Back in 1999, it would have taken a particularly optimistic observer to believe that the Canadian catcher selected in the third round would go on to hit 247 career home runs in the big leagues while batting .281/.348/.481. Nor did Morneau fully grasp the history of the Twins, two-time World Series winners in 1987 and 1991. After all, he’d grown up a Blue Jays fan.

“I really didn’t know a whole lot about it, but I got down (to spring training in Fort Myers) and start to learn the history.
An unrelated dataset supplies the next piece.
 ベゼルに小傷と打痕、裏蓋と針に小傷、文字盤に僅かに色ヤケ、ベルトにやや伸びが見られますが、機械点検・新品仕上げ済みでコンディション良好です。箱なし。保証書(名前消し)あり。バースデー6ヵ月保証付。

You start to learn about all of the great players and the World Series,” he said. “And then I learned the game the way I believe it should be played.”
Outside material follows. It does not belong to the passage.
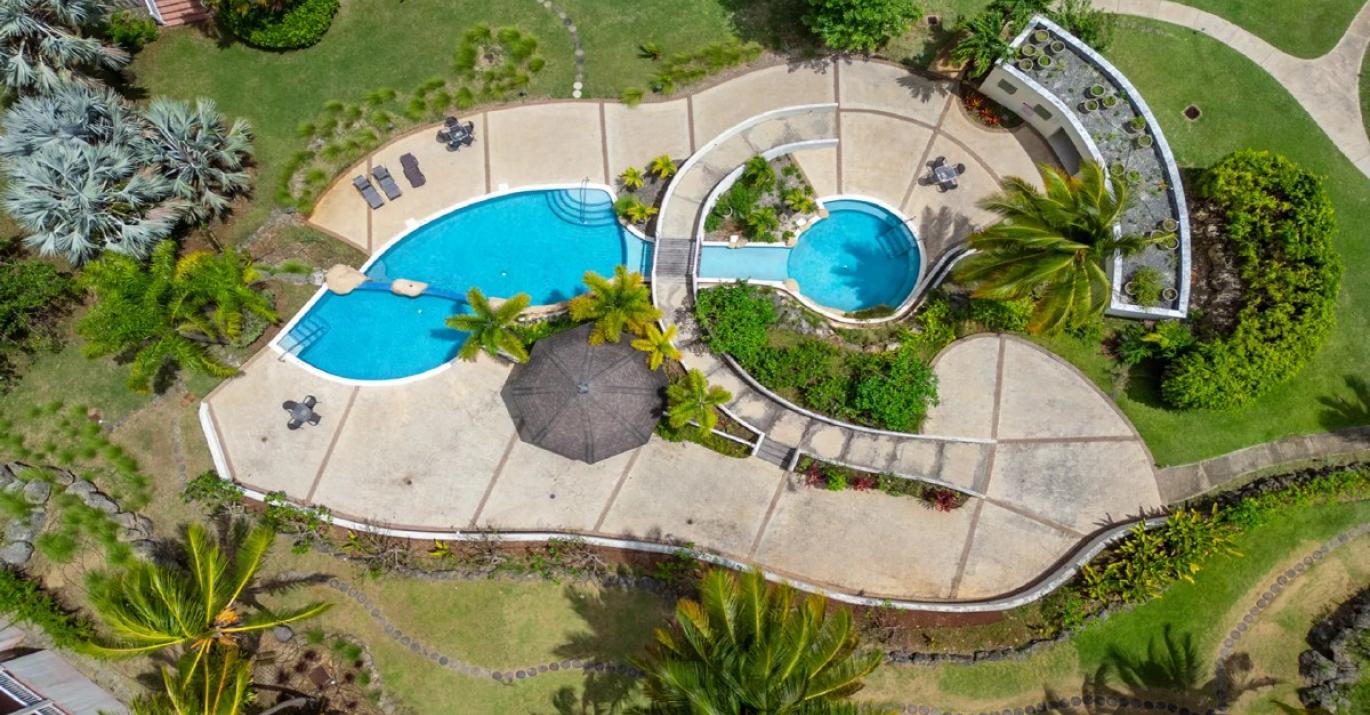 The en-suite primary bedroom also opens onto the patio, inviting in the breeze and garden views. Both bedrooms are air-conditioned for comfort, and ceiling fans are installed throughout the apartment. The home is turnkey and ideal as a full-time residence, a holiday escape, or an investment opportunity.

Longtime Twins managers Tom Kelly and Ron Gardenhire were instrumental in turning Morneau from the raw catching prospect Minnesota drafted into the defensively sound first baseman who won two Silver Sluggers and a batting title.

In fact, the Twins’ success drafting and developing players allowed them to surround Morneau with plenty of other all-stars, overcome their small-market status and contend year-in and year-out. While early playoff exits have too often been the norm in Minnesota, Morneau played with some talented teammates -- many of whom will be there Saturday to celebrate his induction.

“You look at Torii (Hunter) and (Joe) Mauer and Johan Santana and one of the best closers in the history of the game in Joe Nathan and you think about the teams we put on the field, I’m just lucky I came along at the right time,” Morneau said. “We all have so much respect for each other. We’re such a close group, and we can go years without seeing each other but it’s like we saw each other yesterday. It’s a special group.”

Wayne Gretzky, right, chats with Justin Morneau ahead of a game between the Toronto Blue Jays and the Minnesota Twins in 2012. Morneau grew up playing hockey and even took time away from baseball to commit to hockey as a teenager. (Chris Young/CP)

Now, the 40-year-old works Twins broadcasts for Bally Sports North and has also contributed as an analyst on Sportsnet -- a challenge he enjoys even if it’s completely different than the one he navigated as a player with the Twins, Rockies, Pirates and White Sox.

“I went from the best job in the world to the second-best job in the world,” he said. “I get to talk about baseball now, so that’s something that I never really thought would come along and did. But it’s hard to say that there’s anything at this point that ever would compare to the privilege of wearing a major-league baseball uniform every night.”

Morneau’s guest list for Saturday’s ceremony extends well beyond his teammates to his high school coach, the owner of the batting cage he used to hit at for free and, of course, his parents, neither one of whom he has seen in more than a year.

“It’s a pretty special group,” he said. “It’s a once-in-a-lifetime opportunity to share a moment like this in a stadium full of people with so many people that helped you get there.”

“One chance to say thank you to the people who helped. Hopefully we’ll laugh and we’ll cry and we’ll do a little bit of everything. I know I will.”